Sky Turns, The: Mercedes Álvarez’s Evocative Meditation on Time, Memory and Mortality

Mercedes Álvarez’s “The Sky Turns” is an evocative meditation on time, memory and mortality.

In its good moments, the film reaches levels of lyricism seldom seen in cinema anymore. The Sky Turns has been winning awards in film festivals (Rotterdam, Buenos Aires), and it’s easy to see why: It’s almost impossible to compare this original film to other works.

“The Sky Turns” tells the story of Alvarez, who after 35 years returns to her native village, Aldealseñor, in a remote region of northwest Spain. She was the last child born in a place that now has only 14 inhabitants, all old.  They represent the final generation of inhabitants after more than 1,000 years of uninterrupted country life. Soon they will join the other ghosts that haunt these ancient hills, ghosts of dinosaurs, Romans, Moors, and Fascists.

Though her film is personal, Álvarez focuses her attention on the dwindling yet tenacious villagers. The passing years have made them natural philosophers, historians, and comedians, who muse on the transience of things.  They regard the folly of conquerors from Caesar to Bush, and make their idiosyncratic but relevant observations with stoic grace and uniquely Spanish humor.

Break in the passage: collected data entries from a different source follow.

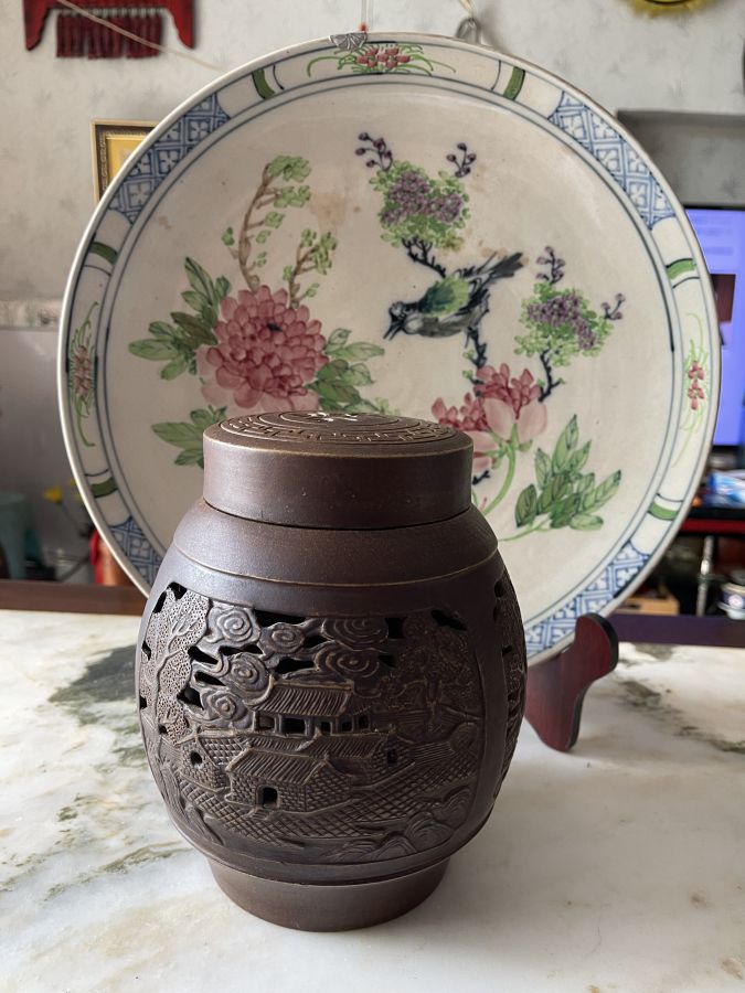 Hủ trà tử sa 2 lớp khắc tay thủ công .
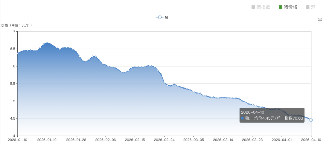 2026年一季度,国内生猪市场走出极端背离行情。据农业农村部畜牧兽医局、卓创资讯监测数据,一季度全国活猪平均价格11.82元/公斤,较去年同期下跌24.6%,3月最低价跌至9.68元/公斤,同比跌幅超30%,猪粮比持续跌破5:1的一级预警线,全行业进入深度亏损区间。
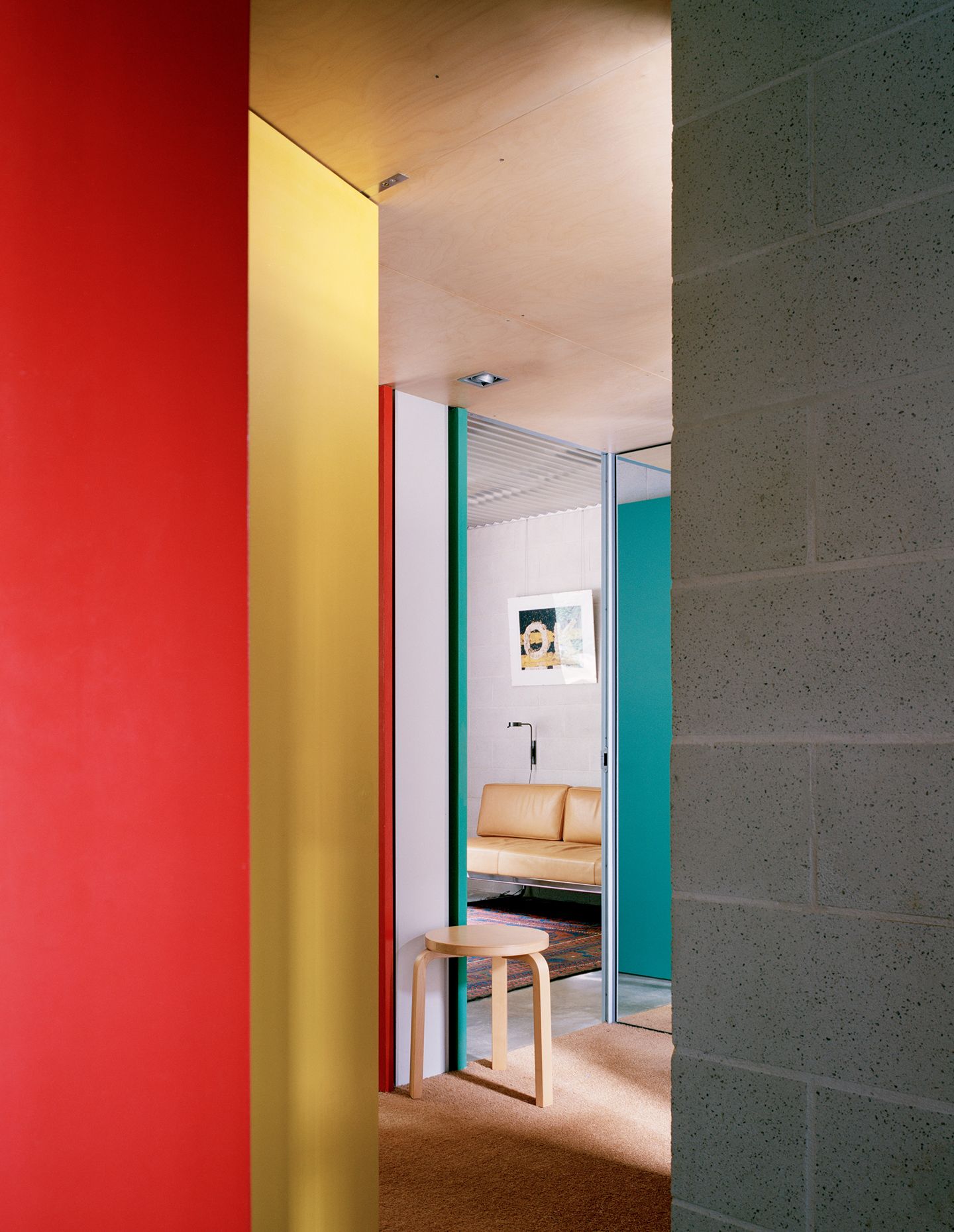 Interestingly, Langston-Jones explains how these and other material choices were part of a rigorous design process that led to the presence of such excitingly bold bursts of colour. It wouldn’t be a stretch to call the project modernist in inspiration, with the architect explaining that structural honesty was a key driving concept. Far from using colour frivolously, the strong choices are a response to the honest, robust materials in a Vitruvian effort to balance legibility, integrity and joy.
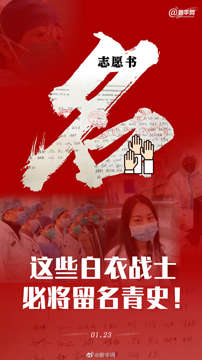 “我深知这场战役的艰巨性”“下一站天门南,我下车回武汉”“我报名”……新型冠状病毒肺炎疫情防控形势严峻,不断攀升的数字让人揪心、痛心。但这些天,全国各地那些医护人员的话,常常让我们热泪盈眶!1月23日,又见安徽百余名医护人员在志愿书上签名,请求去一线抗击新型肺炎。张慧、孙朋、刘平平、沈佳佳、方芳……一个个普通的名字,却让人肃然起敬!他们也是普通人,也是某个人的父母或孩子。但现在,他们是医生,是护士,是白衣战士!这场战役必将胜利,也请你们务必好好保护自己,平安归来。(赵刚/文 盛锐丽/图)

Álvarez’s stand-in within the film is her friend Pello Azketa, a painter whose encroaching blindness mirrors the theme of dimming memory. Azketa’s nebulous landscapes offer a key to the region’s austere beauty, its stony heights dotted with lonely, wind-stunted trees that squat beneath a towering sky.

Quite impressively, Álvarez offers a highly subjective gaze that opens up a vast domain, dissolving the personal into the universal, the fleeting into the timeless, and isolation into a connectedness that reaches high into the heavens and deep into the past.